What to do — Beginning with the line that holds "① 나리온 16.8V 무선 전동드라이버" and ending with the last line below, repeat each line exactly, leaving any pictures out.

┌─ Supplied information

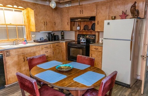The Farmhouse is one of the original homes at the Ranch, complete with a large wooden front porch and a tin roof. The Kitchen is well stocked with utensils to cook including an oven/stove, sink, refrigerator, and pantry. The Master bedroom features a queen bed and has a bathroom and a small rustic work area. A second room, with two sets of twin bunk beds, is located off the living area and also has an adjoining bathroom with a shower.
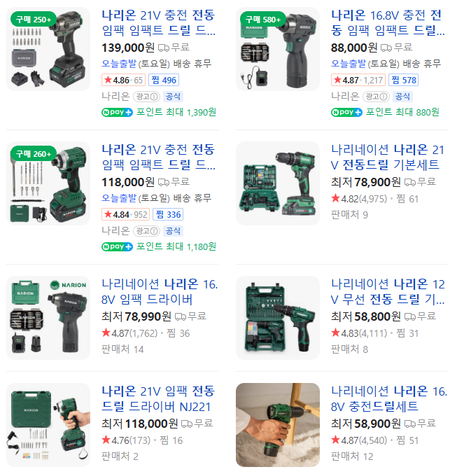 ① 나리온 16.8V 무선 전동드라이버
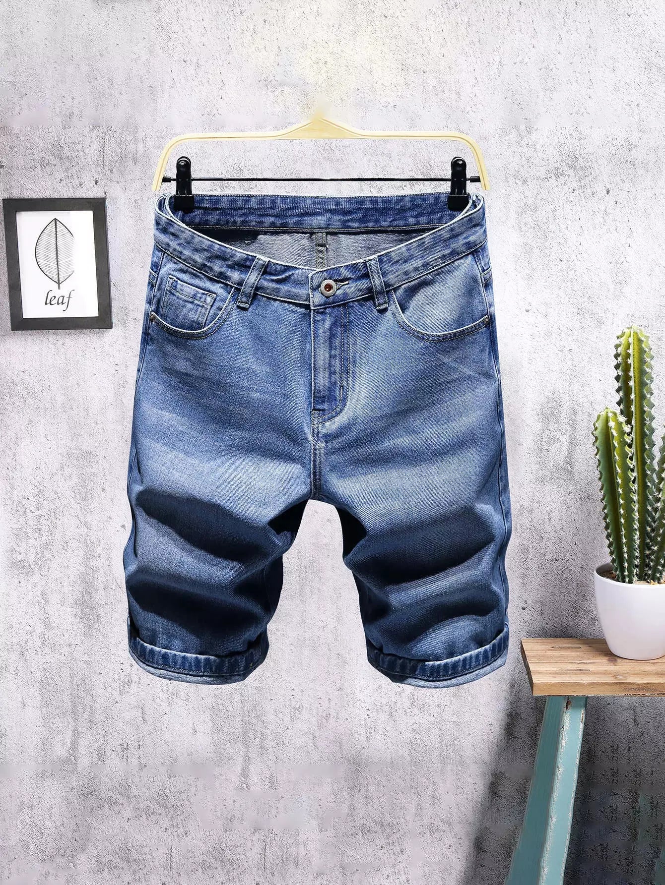 Men Pocket Button Fly Denim Shorts

└─

Result for this task —
 ① 나리온 16.8V 무선 전동드라이버
 Men Pocket Button Fly Denim Shorts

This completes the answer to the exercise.